### Problem statement
Line by line, copy out the entries exactly and leave the pictures behind.

Items from a dataset
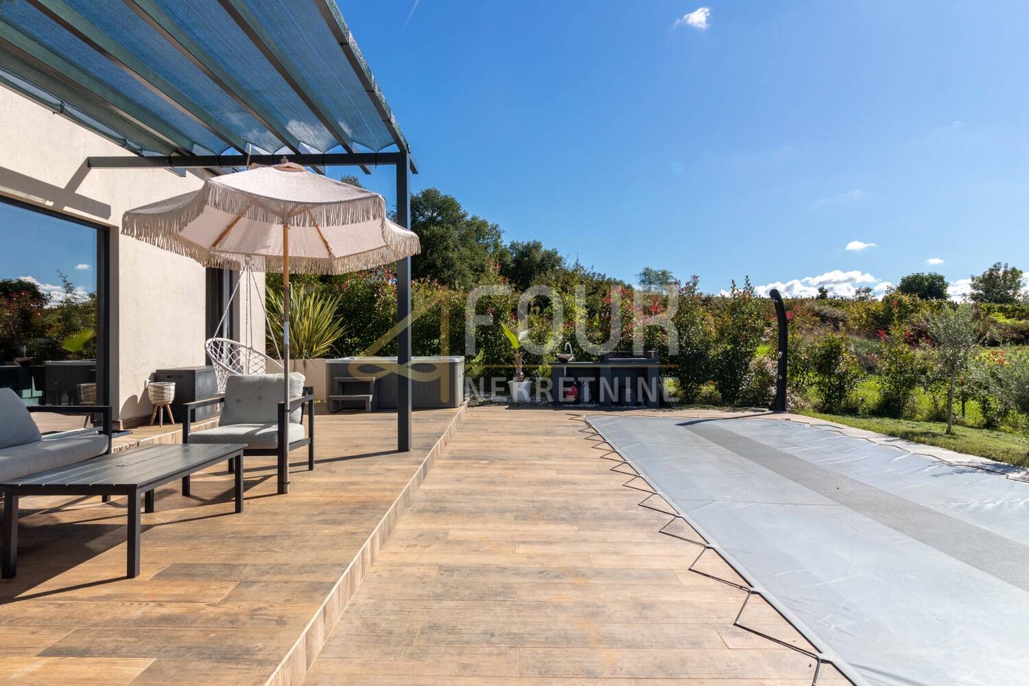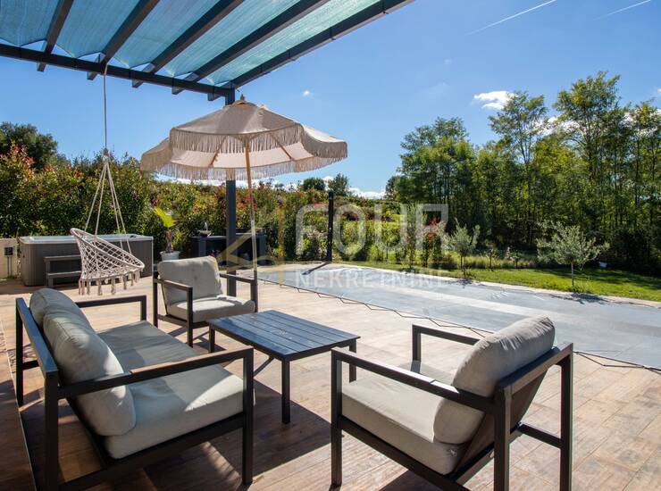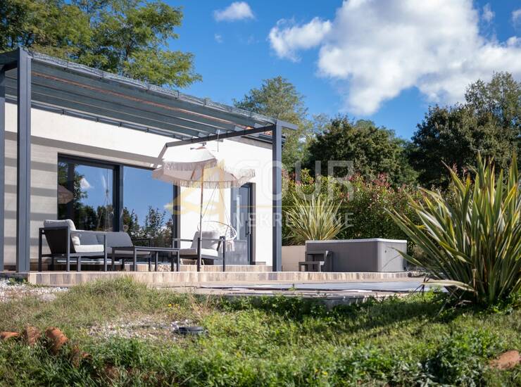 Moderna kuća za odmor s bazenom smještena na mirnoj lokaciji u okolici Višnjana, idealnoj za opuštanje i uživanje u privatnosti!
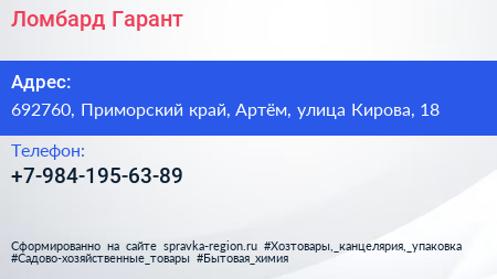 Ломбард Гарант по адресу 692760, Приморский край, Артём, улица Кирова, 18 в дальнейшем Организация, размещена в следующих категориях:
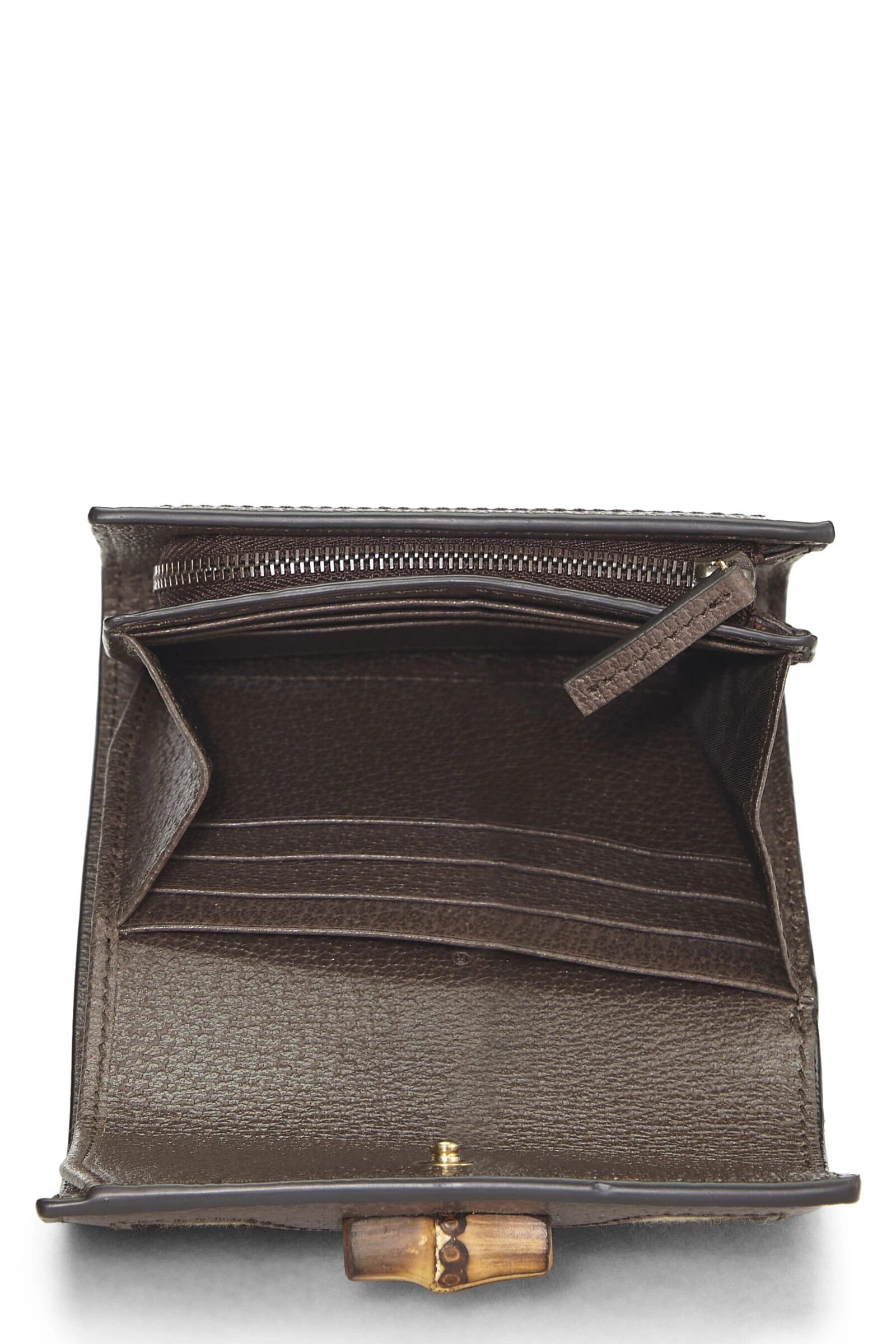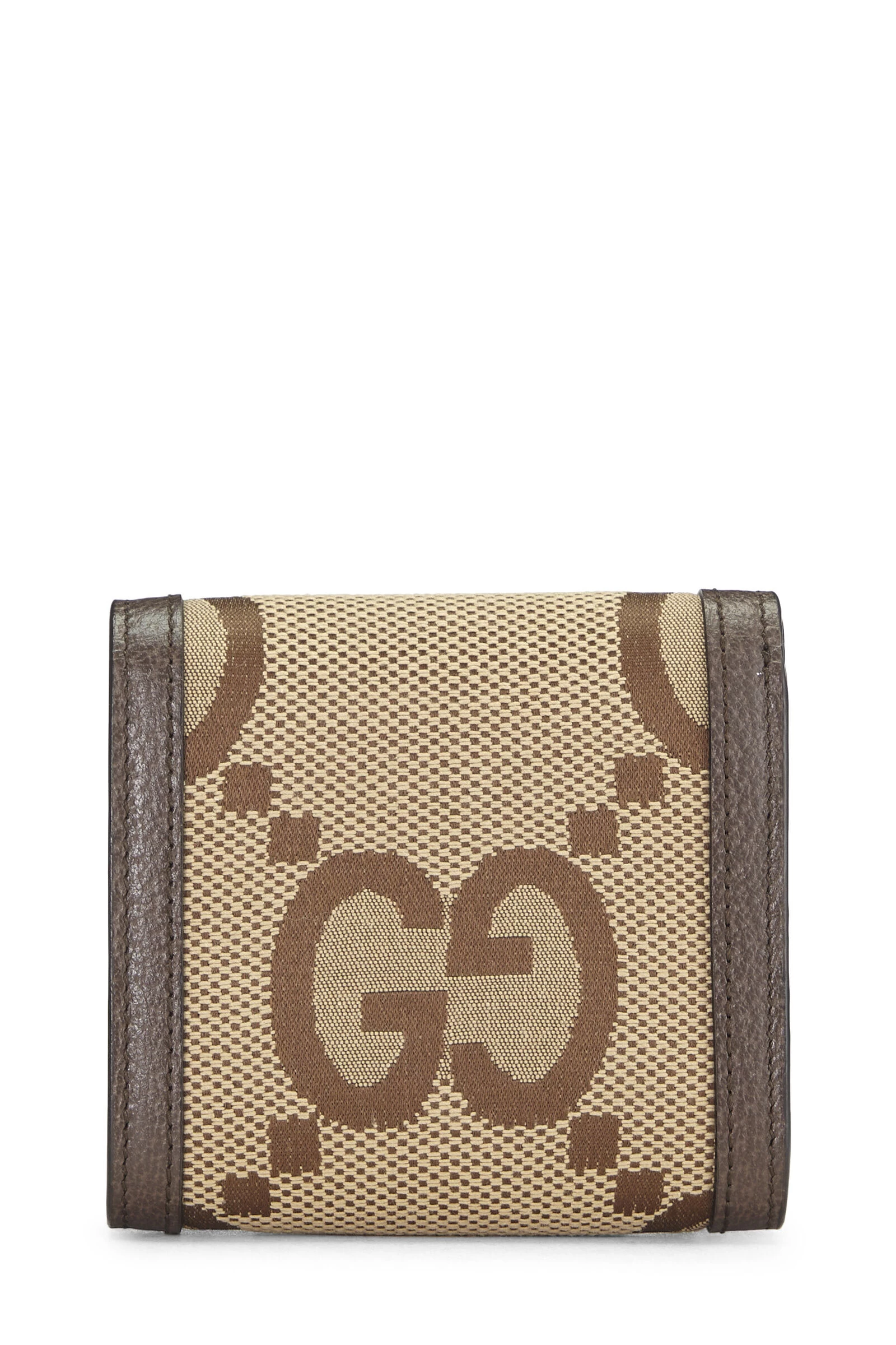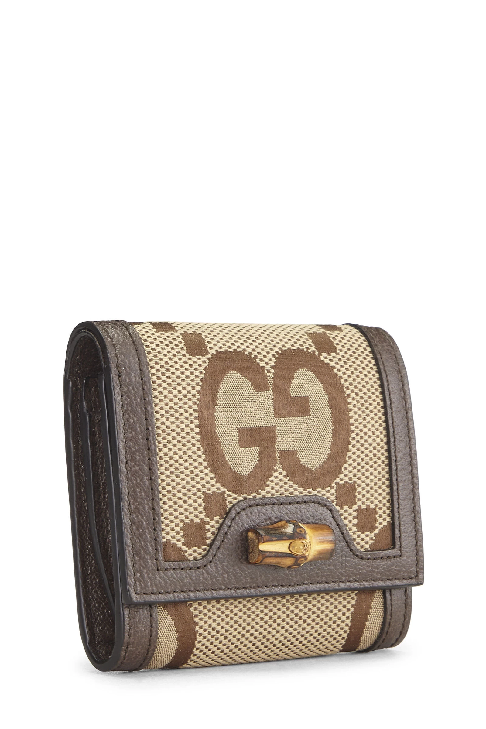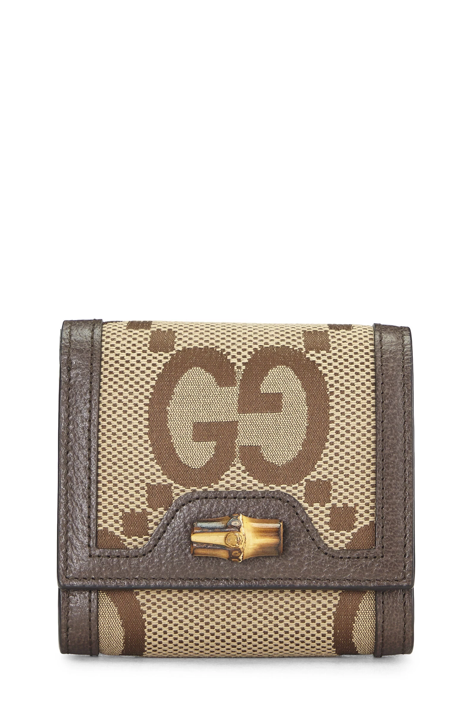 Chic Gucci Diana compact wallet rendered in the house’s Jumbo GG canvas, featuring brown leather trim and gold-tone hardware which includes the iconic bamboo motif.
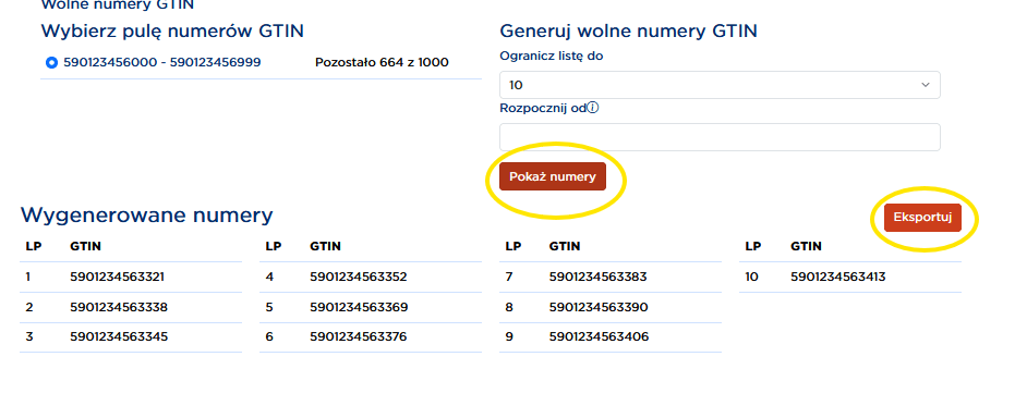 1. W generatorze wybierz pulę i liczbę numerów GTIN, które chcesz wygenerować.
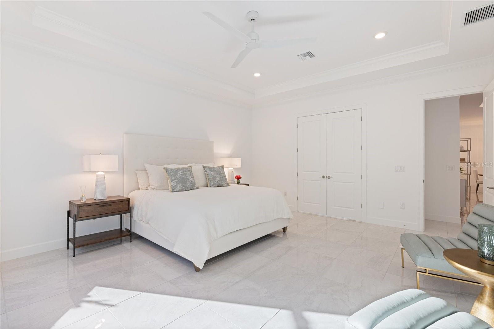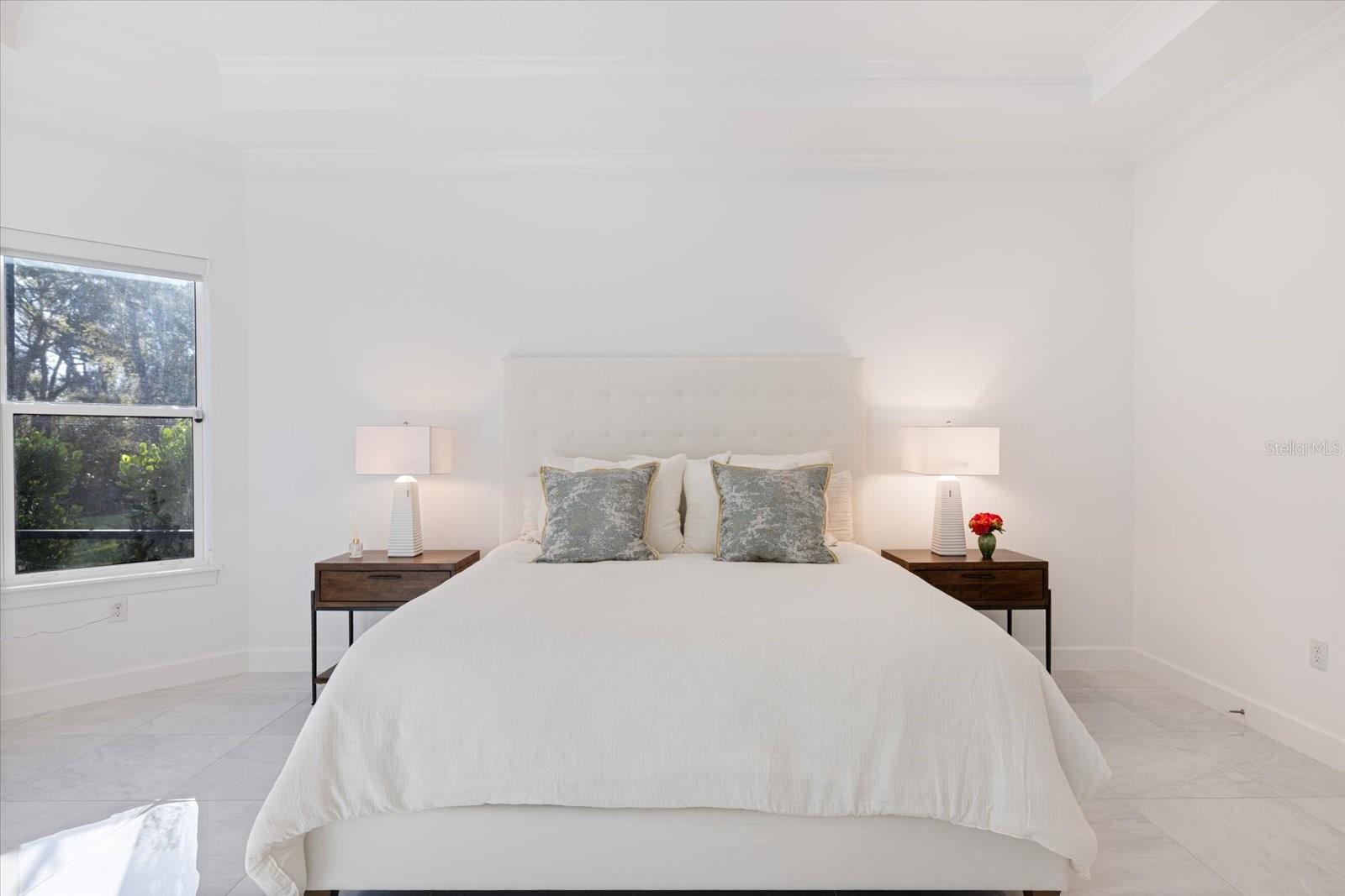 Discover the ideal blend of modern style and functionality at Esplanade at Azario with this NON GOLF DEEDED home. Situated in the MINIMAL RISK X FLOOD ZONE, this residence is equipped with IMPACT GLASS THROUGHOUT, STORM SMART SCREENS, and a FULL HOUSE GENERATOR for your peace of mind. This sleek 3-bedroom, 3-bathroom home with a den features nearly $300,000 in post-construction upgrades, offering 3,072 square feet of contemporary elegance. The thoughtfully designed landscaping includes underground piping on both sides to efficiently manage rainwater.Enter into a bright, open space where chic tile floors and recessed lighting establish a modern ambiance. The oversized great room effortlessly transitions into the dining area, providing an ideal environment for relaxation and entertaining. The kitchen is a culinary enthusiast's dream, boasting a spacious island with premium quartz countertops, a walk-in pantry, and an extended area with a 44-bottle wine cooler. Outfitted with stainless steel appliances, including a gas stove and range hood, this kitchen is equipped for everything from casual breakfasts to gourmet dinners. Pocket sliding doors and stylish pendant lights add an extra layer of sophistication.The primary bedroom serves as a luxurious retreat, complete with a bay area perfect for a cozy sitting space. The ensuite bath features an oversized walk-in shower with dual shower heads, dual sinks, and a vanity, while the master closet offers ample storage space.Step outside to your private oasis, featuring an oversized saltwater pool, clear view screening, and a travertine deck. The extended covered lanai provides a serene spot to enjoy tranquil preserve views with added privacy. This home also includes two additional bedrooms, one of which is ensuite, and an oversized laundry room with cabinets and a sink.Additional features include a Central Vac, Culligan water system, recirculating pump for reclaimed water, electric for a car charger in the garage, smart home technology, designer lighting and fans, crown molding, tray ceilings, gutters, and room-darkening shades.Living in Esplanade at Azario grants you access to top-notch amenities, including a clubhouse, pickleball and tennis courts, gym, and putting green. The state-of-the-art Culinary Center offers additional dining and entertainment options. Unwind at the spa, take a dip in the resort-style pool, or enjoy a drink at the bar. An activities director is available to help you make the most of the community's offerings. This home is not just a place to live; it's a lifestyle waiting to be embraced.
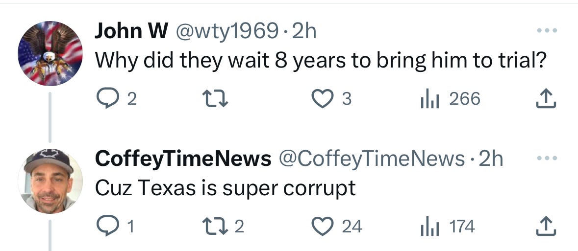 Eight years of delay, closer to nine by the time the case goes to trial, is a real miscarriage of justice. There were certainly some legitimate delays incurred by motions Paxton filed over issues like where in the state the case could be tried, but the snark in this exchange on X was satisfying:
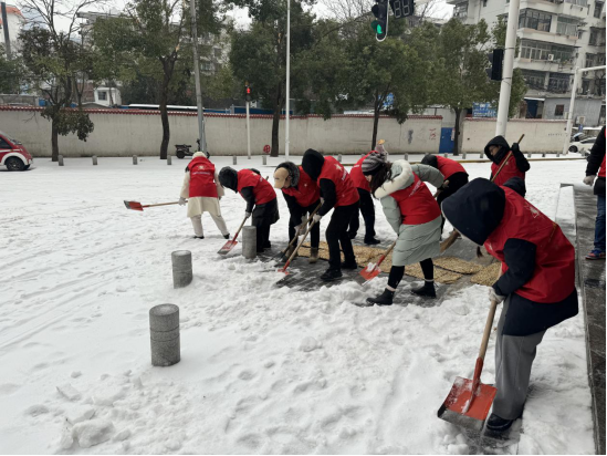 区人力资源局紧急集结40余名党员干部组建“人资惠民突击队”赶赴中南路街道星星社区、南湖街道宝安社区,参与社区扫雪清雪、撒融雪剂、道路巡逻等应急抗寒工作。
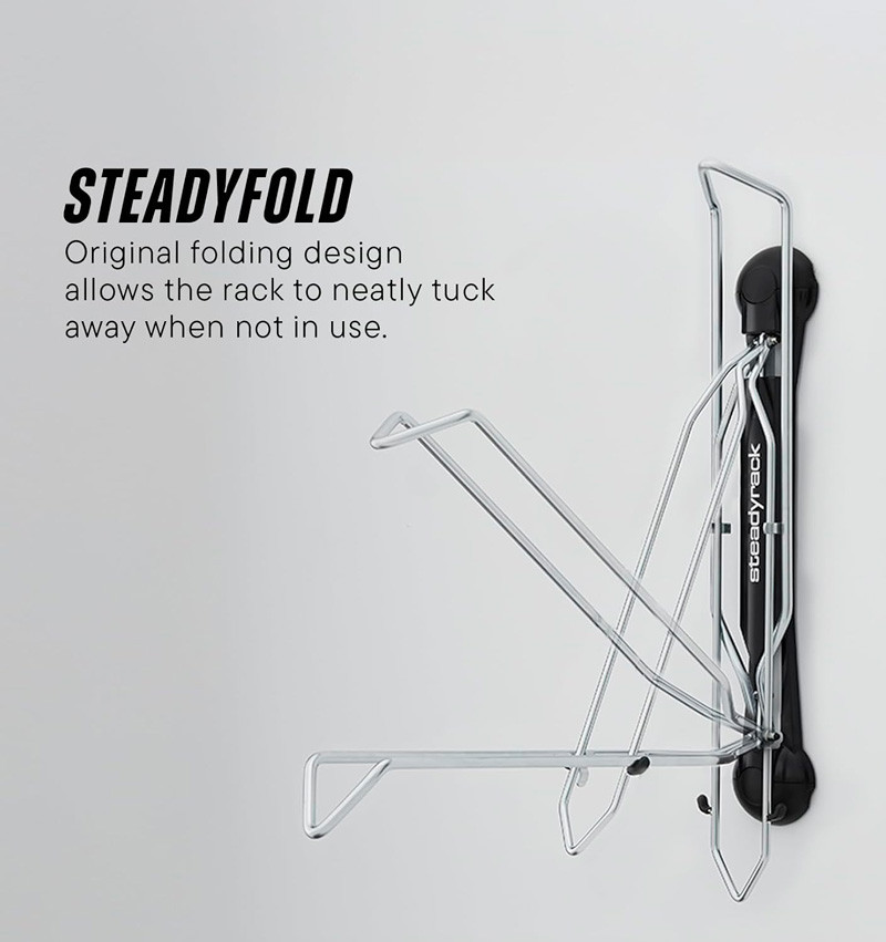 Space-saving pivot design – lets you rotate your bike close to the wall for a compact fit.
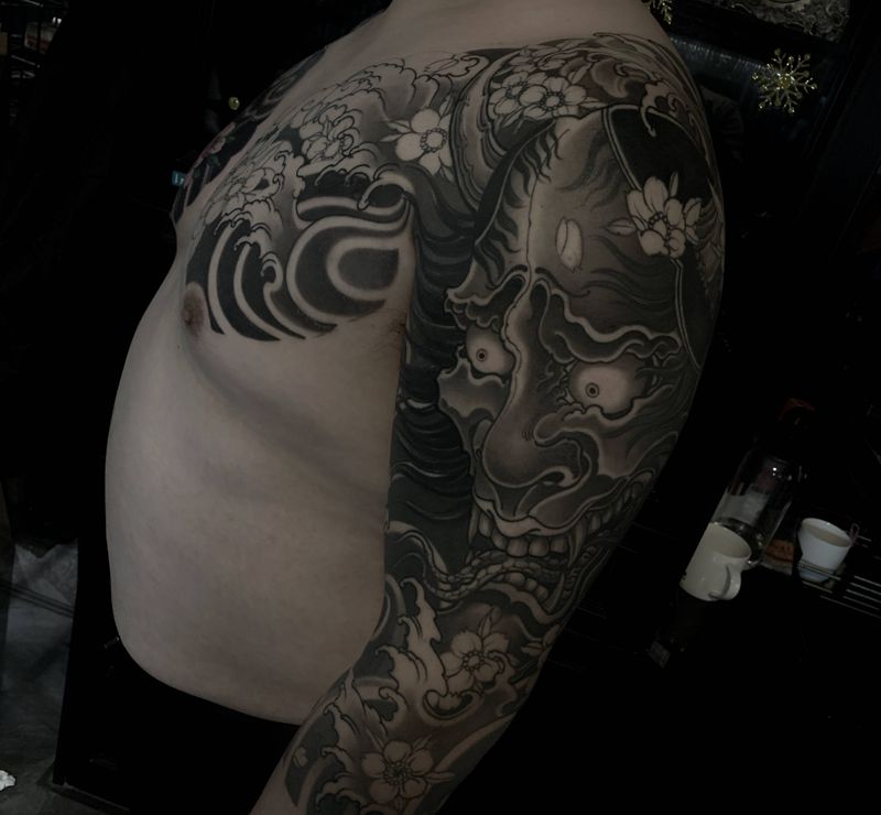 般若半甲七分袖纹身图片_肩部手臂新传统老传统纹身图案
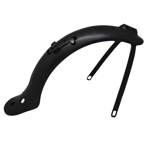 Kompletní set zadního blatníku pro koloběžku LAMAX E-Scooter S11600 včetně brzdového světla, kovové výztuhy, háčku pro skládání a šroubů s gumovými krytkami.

### Expected output
 Moderna kuća za odmor s bazenom smještena na mirnoj lokaciji u okolici Višnjana, idealnoj za opuštanje i uživanje u privatnosti!
 Ломбард Гарант по адресу 692760, Приморский край, Артём, улица Кирова, 18 в дальнейшем Организация, размещена в следующих категориях:
 Chic Gucci Diana compact wallet rendered in the house’s Jumbo GG canvas, featuring brown leather trim and gold-tone hardware which includes the iconic bamboo motif.
 1. W generatorze wybierz pulę i liczbę numerów GTIN, które chcesz wygenerować.
 Discover the ideal blend of modern style and functionality at Esplanade at Azario with this NON GOLF DEEDED home. Situated in the MINIMAL RISK X FLOOD ZONE, this residence is equipped with IMPACT GLASS THROUGHOUT, STORM SMART SCREENS, and a FULL HOUSE GENERATOR for your peace of mind. This sleek 3-bedroom, 3-bathroom home with a den features nearly $300,000 in post-construction upgrades, offering 3,072 square feet of contemporary elegance. The thoughtfully designed landscaping includes underground piping on both sides to efficiently manage rainwater.Enter into a bright, open space where chic tile floors and recessed lighting establish a modern ambiance. The oversized great room effortlessly transitions into the dining area, providing an ideal environment for relaxation and entertaining. The kitchen is a culinary enthusiast's dream, boasting a spacious island with premium quartz countertops, a walk-in pantry, and an extended area with a 44-bottle wine cooler. Outfitted with stainless steel appliances, including a gas stove and range hood, this kitchen is equipped for everything from casual breakfasts to gourmet dinners. Pocket sliding doors and stylish pendant lights add an extra layer of sophistication.The primary bedroom serves as a luxurious retreat, complete with a bay area perfect for a cozy sitting space. The ensuite bath features an oversized walk-in shower with dual shower heads, dual sinks, and a vanity, while the master closet offers ample storage space.Step outside to your private oasis, featuring an oversized saltwater pool, clear view screening, and a travertine deck. The extended covered lanai provides a serene spot to enjoy tranquil preserve views with added privacy. This home also includes two additional bedrooms, one of which is ensuite, and an oversized laundry room with cabinets and a sink.Additional features include a Central Vac, Culligan water system, recirculating pump for reclaimed water, electric for a car charger in the garage, smart home technology, designer lighting and fans, crown molding, tray ceilings, gutters, and room-darkening shades.Living in Esplanade at Azario grants you access to top-notch amenities, including a clubhouse, pickleball and tennis courts, gym, and putting green. The state-of-the-art Culinary Center offers additional dining and entertainment options. Unwind at the spa, take a dip in the resort-style pool, or enjoy a drink at the bar. An activities director is available to help you make the most of the community's offerings. This home is not just a place to live; it's a lifestyle waiting to be embraced.
 Eight years of delay, closer to nine by the time the case goes to trial, is a real miscarriage of justice. There were certainly some legitimate delays incurred by motions Paxton filed over issues like where in the state the case could be tried, but the snark in this exchange on X was satisfying:
 区人力资源局紧急集结40余名党员干部组建“人资惠民突击队”赶赴中南路街道星星社区、南湖街道宝安社区,参与社区扫雪清雪、撒融雪剂、道路巡逻等应急抗寒工作。
 Space-saving pivot design – lets you rotate your bike close to the wall for a compact fit.
 般若半甲七分袖纹身图片_肩部手臂新传统老传统纹身图案
 Kompletní set zadního blatníku pro koloběžku LAMAX E-Scooter S11600 včetně brzdového světla, kovové výztuhy, háčku pro skládání a šroubů s gumovými krytkami.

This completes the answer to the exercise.